I cannot understand this at all. If you cannot multiply a scalar by a point and you cannot add points together, then how come that this expression is still valid? And how come that the result is a point?
 A: $t_1P+t_2Q$ only makes sense if $t_1+t_2=1$. The important thing here is that the operation is independent of the choice of coordinate frame. If $t_1+t_2=1$, the point is just an interpolation on the line between the two points. If not, you have a leftover term that shifts the point around depending on where your coordinate origin is.
The idea here is that a point and a vector are not the same. A vector is a difference (displacement) between two points and doesn't have an anchor in the coordinate plane. You can translate it around, multiply it by any scalar and add it to any point because it's a displacement. But a point is a physical place in the plane. You can't multiply a place by a scalar (what's New York times 2?). But you can multiply a displacement (2 steps north times 2 = 4 steps north).
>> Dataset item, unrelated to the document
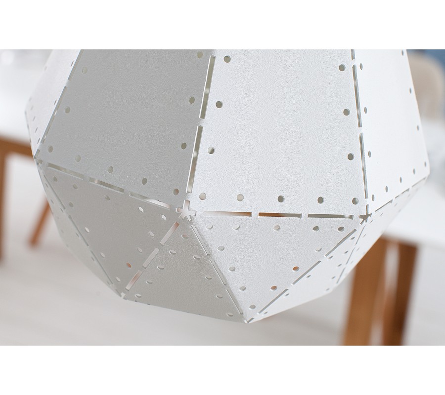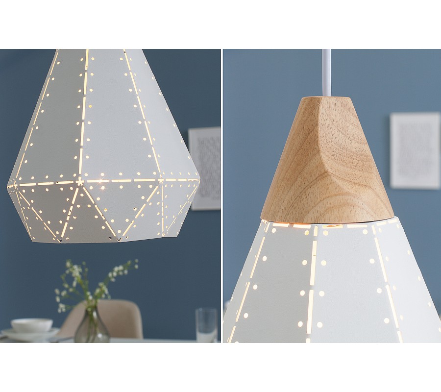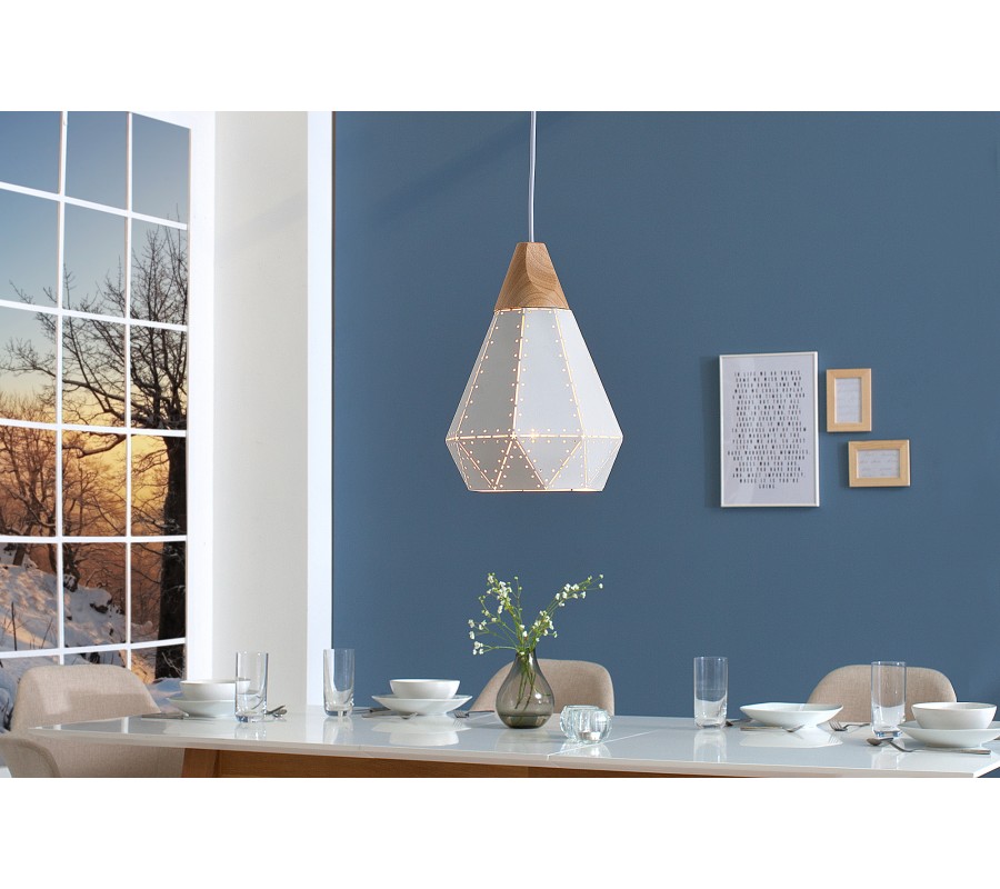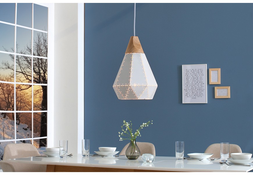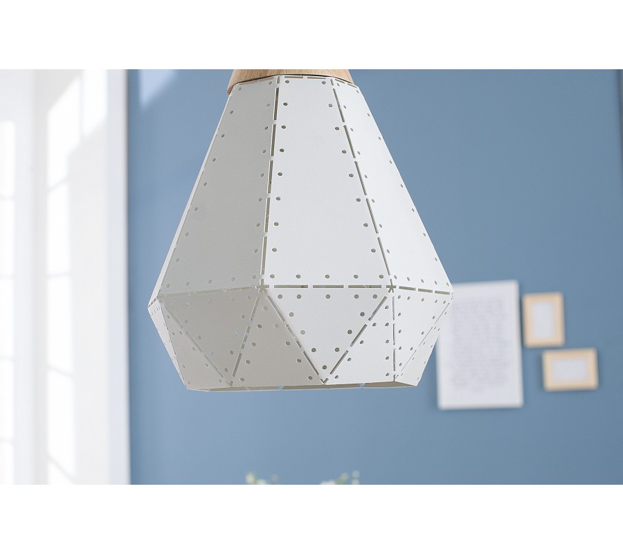 Dizajnová závesná lampa Scandinavia v bielom farebnom prevedení upúta vďaka svojej jedinečnej a štýlovej geometrickej konštrukcii už na prvý pohľad. Masívne, biele tienidlo z perforovaných kusov kovu v kombinácii s masívnym drevom dodáva lampe jemne industriálny nádych, ktorý dodá šmrnc každej moderne zariadenej domácnosti. Ideálnou voľbou tak bude či už do rôznych moderných, škandinávsky ladených alebo do typicky industriálnych priestorov. Farebná neutrálnosť zasa zabezpečuje ľahkú kombinovateľnosť s kúskami v jemných ale aj výrazných farebných odtieňoch

An interpolation is ok, because you are essentially taking $D=Q-P$, the displacement vector from P to Q. Now start at $P$ and go a fraction of this distance:
$$R=P+t_1(Q-P)=(1-t_1)P+t_1 Q$$
Notice how the sum of the coefficients is $1$.

Formally, you can imagine adding a third component (use homogeneous coordinates). A point has a form $(x,y,1)$ and a displacement is $(x,y,0)$. If your operation sets the third component to $1$, the result is a point, if it is $0$, the result is a vector, and if it's anything else, the result is neither of those things.